◆ **INSTRUCTIONS FOR THE TASK**: From the listing below, restate word for word the lines from the line containing "仕事内容 *…*…* アピールポイント" down through the line containing "Известно,что 12^х=3.Найти 12^(2х-1).Не". Exclude pictures.

◆ **INPUT**:
++++++++++

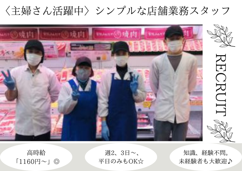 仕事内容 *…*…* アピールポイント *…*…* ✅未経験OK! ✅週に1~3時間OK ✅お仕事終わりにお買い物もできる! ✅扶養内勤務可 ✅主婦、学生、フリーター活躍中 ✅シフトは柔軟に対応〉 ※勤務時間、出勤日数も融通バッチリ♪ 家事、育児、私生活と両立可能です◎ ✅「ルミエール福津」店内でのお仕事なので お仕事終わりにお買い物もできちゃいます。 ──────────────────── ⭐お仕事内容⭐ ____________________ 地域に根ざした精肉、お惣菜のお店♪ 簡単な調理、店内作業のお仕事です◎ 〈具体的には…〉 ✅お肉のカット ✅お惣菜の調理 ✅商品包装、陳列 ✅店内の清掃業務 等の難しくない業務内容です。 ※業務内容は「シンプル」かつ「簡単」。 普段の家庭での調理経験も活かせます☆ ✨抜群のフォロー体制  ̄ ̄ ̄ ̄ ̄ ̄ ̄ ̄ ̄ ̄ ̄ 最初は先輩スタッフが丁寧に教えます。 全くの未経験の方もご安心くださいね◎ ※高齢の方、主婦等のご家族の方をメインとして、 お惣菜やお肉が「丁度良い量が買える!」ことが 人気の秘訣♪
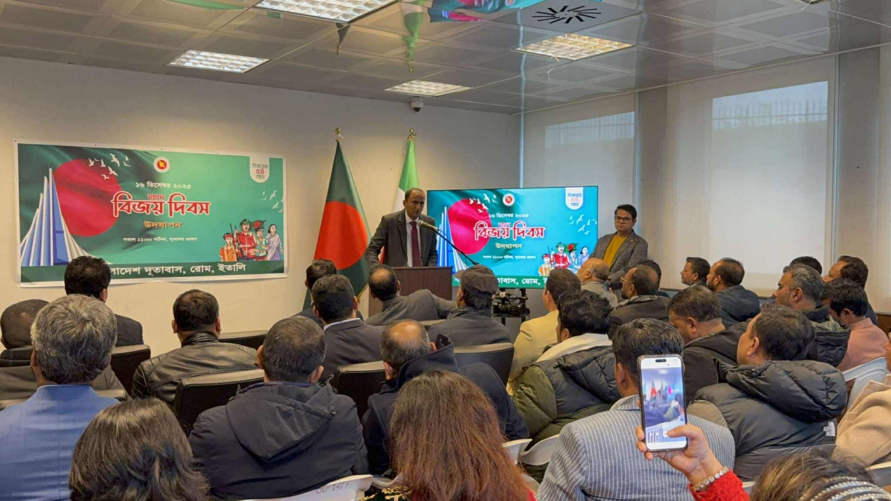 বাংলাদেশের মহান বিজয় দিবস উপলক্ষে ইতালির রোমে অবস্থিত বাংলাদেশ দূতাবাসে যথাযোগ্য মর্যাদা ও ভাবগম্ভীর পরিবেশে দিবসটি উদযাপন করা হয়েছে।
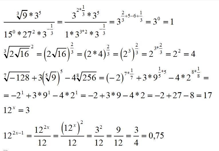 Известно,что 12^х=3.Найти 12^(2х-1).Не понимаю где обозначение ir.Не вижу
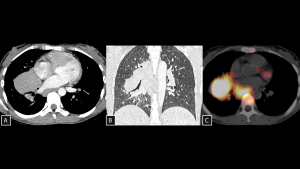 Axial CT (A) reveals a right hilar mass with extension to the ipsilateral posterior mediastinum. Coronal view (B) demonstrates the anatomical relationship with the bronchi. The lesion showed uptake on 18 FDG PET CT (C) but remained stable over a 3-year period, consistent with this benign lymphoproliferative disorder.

++++++++++

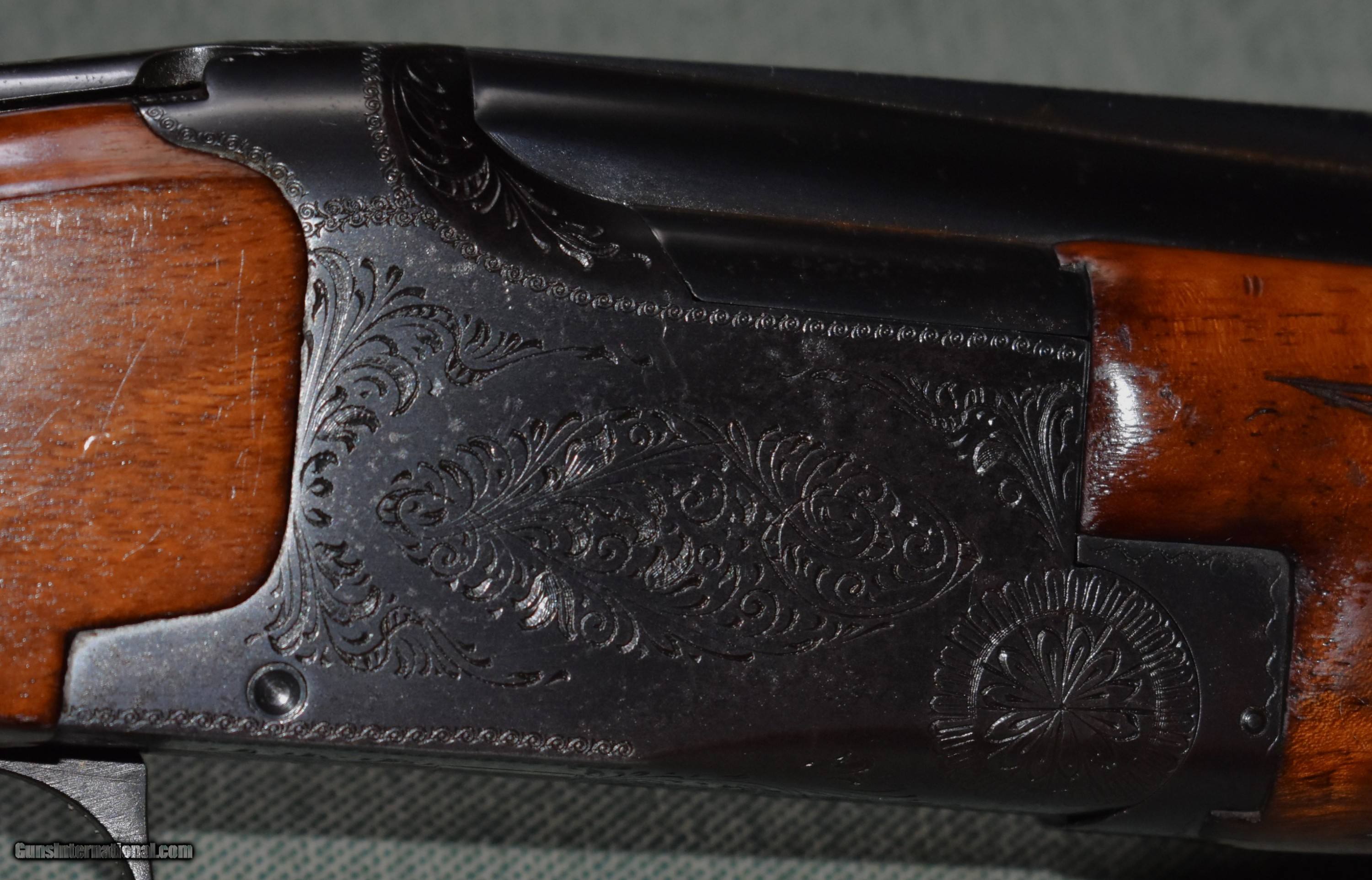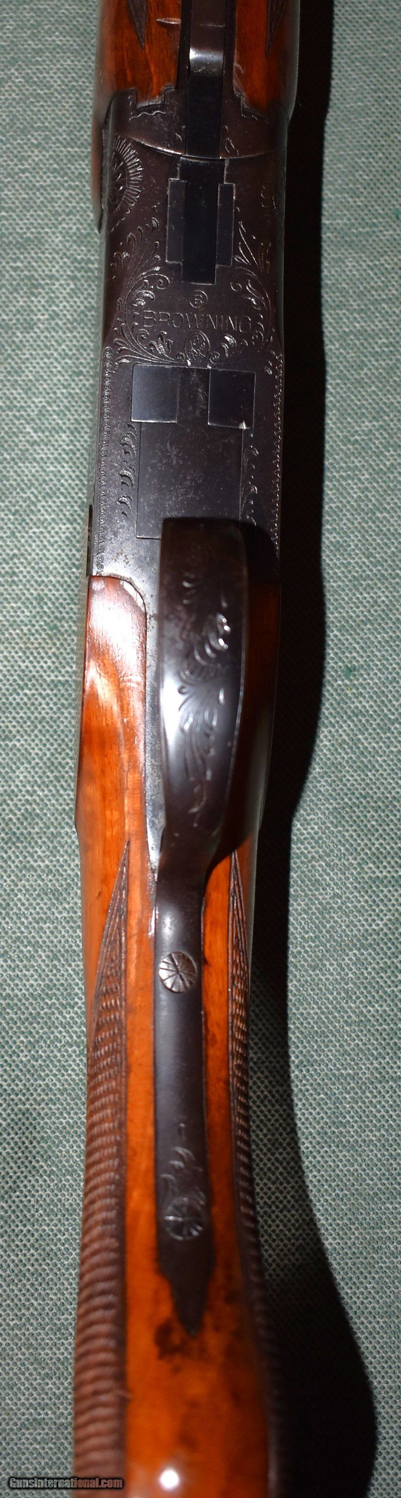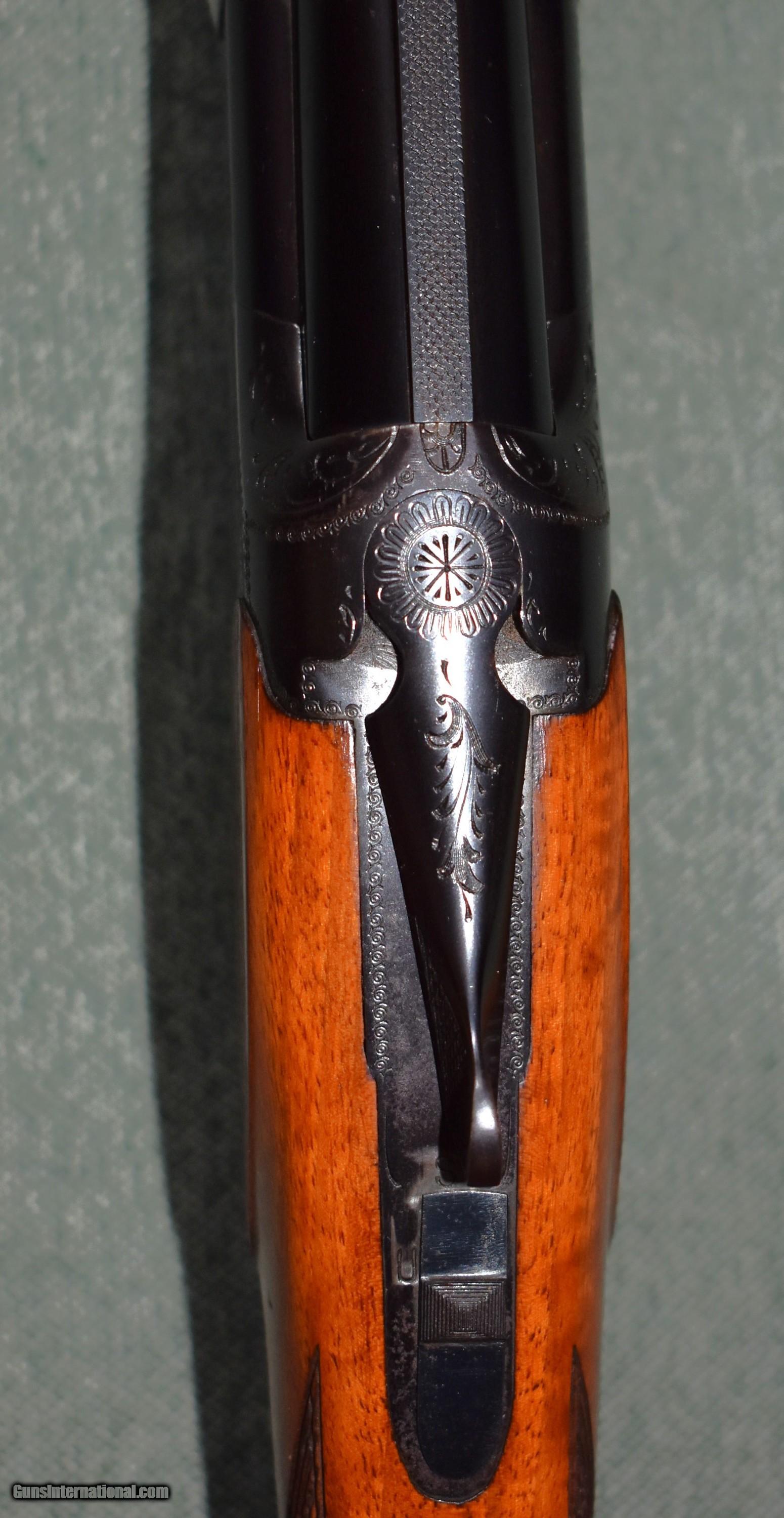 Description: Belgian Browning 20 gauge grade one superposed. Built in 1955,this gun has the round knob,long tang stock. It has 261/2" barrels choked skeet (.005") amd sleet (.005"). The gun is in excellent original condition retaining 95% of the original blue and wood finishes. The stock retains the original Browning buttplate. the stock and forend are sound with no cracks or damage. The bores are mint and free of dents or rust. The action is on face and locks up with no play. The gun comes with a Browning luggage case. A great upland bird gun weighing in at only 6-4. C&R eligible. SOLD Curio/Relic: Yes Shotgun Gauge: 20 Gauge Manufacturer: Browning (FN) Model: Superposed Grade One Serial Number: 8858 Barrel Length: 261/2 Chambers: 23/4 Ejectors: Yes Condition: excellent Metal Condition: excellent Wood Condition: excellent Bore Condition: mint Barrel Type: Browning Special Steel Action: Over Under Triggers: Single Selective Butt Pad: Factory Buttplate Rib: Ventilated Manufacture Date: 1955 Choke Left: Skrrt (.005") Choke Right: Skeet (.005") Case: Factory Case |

++++++++++

◆ **SOLUTION TO THIS PROBLEM**:
 仕事内容 *…*…* アピールポイント *…*…* ✅未経験OK! ✅週に1~3時間OK ✅お仕事終わりにお買い物もできる! ✅扶養内勤務可 ✅主婦、学生、フリーター活躍中 ✅シフトは柔軟に対応〉 ※勤務時間、出勤日数も融通バッチリ♪ 家事、育児、私生活と両立可能です◎ ✅「ルミエール福津」店内でのお仕事なので お仕事終わりにお買い物もできちゃいます。 ──────────────────── ⭐お仕事内容⭐ ____________________ 地域に根ざした精肉、お惣菜のお店♪ 簡単な調理、店内作業のお仕事です◎ 〈具体的には…〉 ✅お肉のカット ✅お惣菜の調理 ✅商品包装、陳列 ✅店内の清掃業務 等の難しくない業務内容です。 ※業務内容は「シンプル」かつ「簡単」。 普段の家庭での調理経験も活かせます☆ ✨抜群のフォロー体制  ̄ ̄ ̄ ̄ ̄ ̄ ̄ ̄ ̄ ̄ ̄ 最初は先輩スタッフが丁寧に教えます。 全くの未経験の方もご安心くださいね◎ ※高齢の方、主婦等のご家族の方をメインとして、 お惣菜やお肉が「丁度良い量が買える!」ことが 人気の秘訣♪
 বাংলাদেশের মহান বিজয় দিবস উপলক্ষে ইতালির রোমে অবস্থিত বাংলাদেশ দূতাবাসে যথাযোগ্য মর্যাদা ও ভাবগম্ভীর পরিবেশে দিবসটি উদযাপন করা হয়েছে।
 Известно,что 12^х=3.Найти 12^(2х-1).Не понимаю где обозначение ir.Не вижу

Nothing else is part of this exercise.